Metal Initiated Cation-Olefin Reactivity
One important research direction in the Gagné group focuses on new synthetic methods for complex bond construction. Consider the enzyme Squalene-Hopene Cyclase, which utilizes the cation-olefin reaction to zip up the poly-ene Squalene into the plant steroid Hopene.
Although the enzyme catalyzed reaction is proton-initiated, Pd(II) or Pt(II) can often behave similarly and activate alkenes towards nucleophilic attack. With a focus on alkene nucleophiles, this notion has led to several metal catalyzed multicyclization reactions. Below are several Pd(II)- or Pt(II)-catalyzed cation-olefin reactions. Depending on the ligands on the metal, the catalysts can turnover by beta-hydride elimination or other more-unusual mechanisms.
Enantioselective Oxidative Cyclization of Poly-enes
Chiral P2Pt-dications are capable catalysts for initiating cationic polycyclization reactions. Phenols, alcohols, and sulfonamides are all capable traps for the cation and generate multi-cyclic products with good to excellent enantioselectivities. The turnover-limiting step is beta-hydride elimination, which expels product and generates a Pt-hydride.
The key to turning over these catalysts is the addition of trityl cation to abstract the hydride and regenerate the dication. Refined conditions utilize trityl-methyl ether as the trityl source. The acid byproduct of cyclization liberates trityl cation and enables turnover. Resin-bound versions of the oxidant also work well. This new reaction is currently the subject of a mechanistic study, and additional variants for applications in synthesis are also ongoing.

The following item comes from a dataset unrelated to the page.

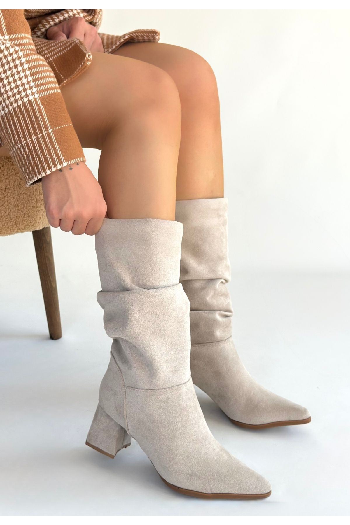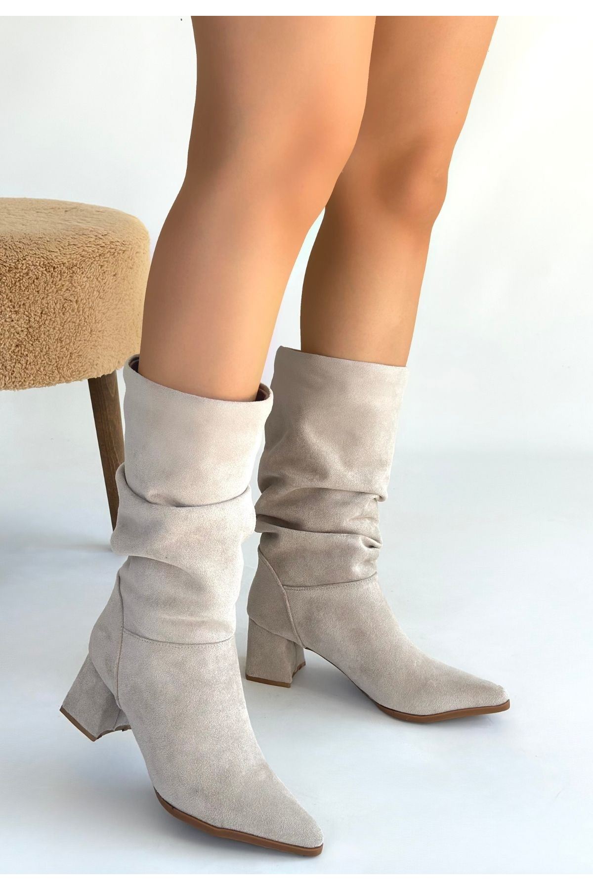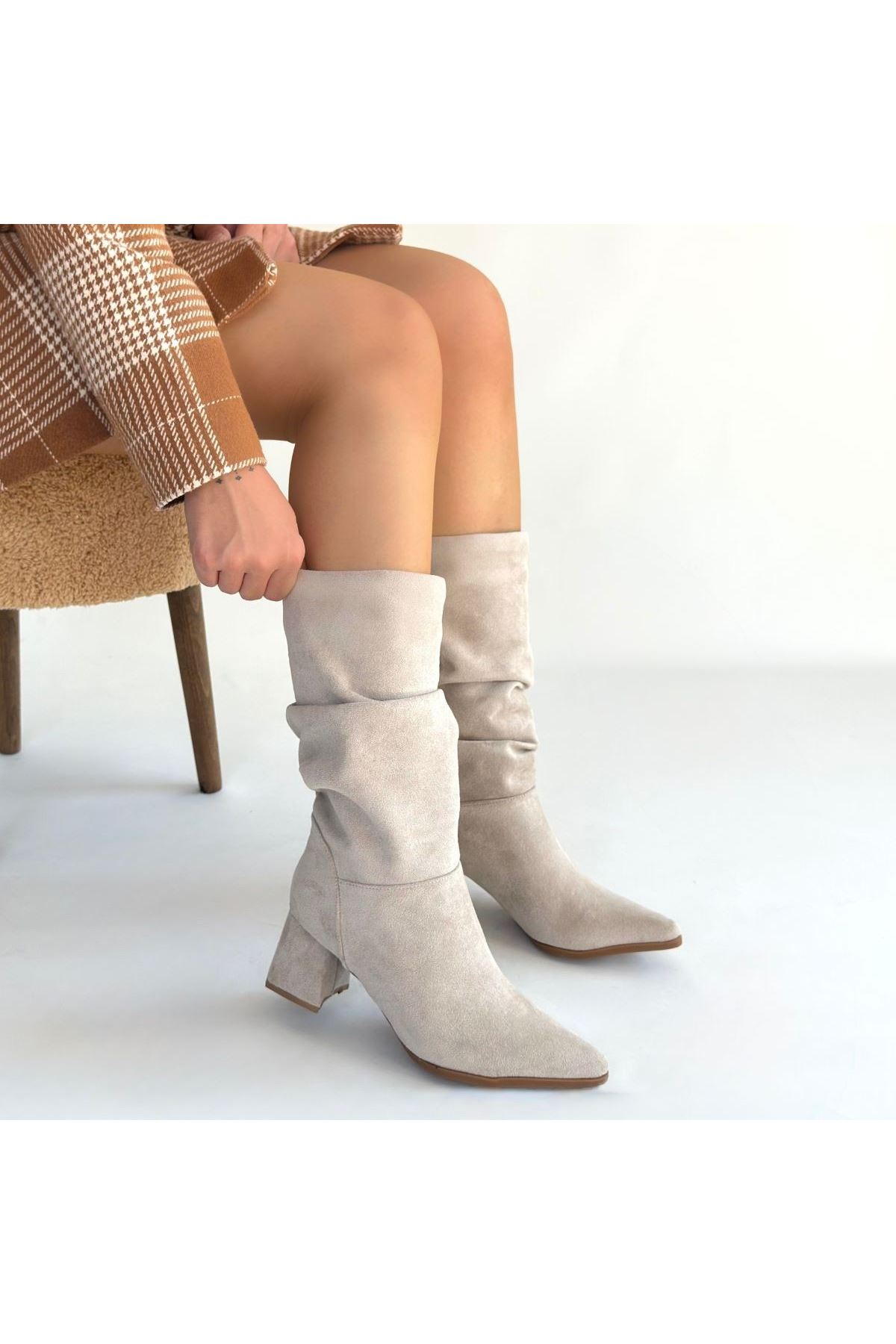 Detay: Topuklu Diz Altı Körüklü Çizme

Pincer and Pseudo-Pincer Catalysts for Cation-Olefin Chemistry
When pincer ligands are utilized to coordinate Pd(II) and Pt(II), extremely electrophilic catalysts can be accessed which are incapable of β-H elimination (lack of cis coordination sites); this property enables unique turnover mechanisms to operate. Triphosphine ligands strongly favor cyclopropanative cycloisomerization processes. For example the following 1,6-diene diastereoselectively generates a 4.1.0 bicycloheptane. The proposed mechanism for this process is shown below, and it is supported by D-labeling studies, and the trapping of intermediate cations. Since the intermediate alkyl-Pt catalysts cannot decompose by β-H elimination (see above P2Pt2+ chemistry), turnover is under catalyst control and 1,5-Dienes generate [3.1.0]-bicyclohexanes, which are common monoterpenes; the one step synthesis of cis-thujane is such an example.
A more recent focus has been improving catalysts using a modular combination of bi and monodentate ligands. For example, the dppm/PMe3 catalyst is the most active and tolerant catalyst yet. Rates are ∼20-times faster, and yields are uniformly improved. Highly enantioselective catalysts are also accessible in this manner.

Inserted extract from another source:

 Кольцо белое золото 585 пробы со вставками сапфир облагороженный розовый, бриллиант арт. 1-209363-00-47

The Gagné group is interested in synthesis, catalysis, and how molecular recognition can be used to find new approaches to solving difficult problems.
Students and postdocs come from a variety of backgrounds but primarily include organic and inorganic coworkers.
Our projects, generally speaking, straddle these areas, though some projects have a strong emphasis on synthesis and/or organometallic chemistry/catalysis.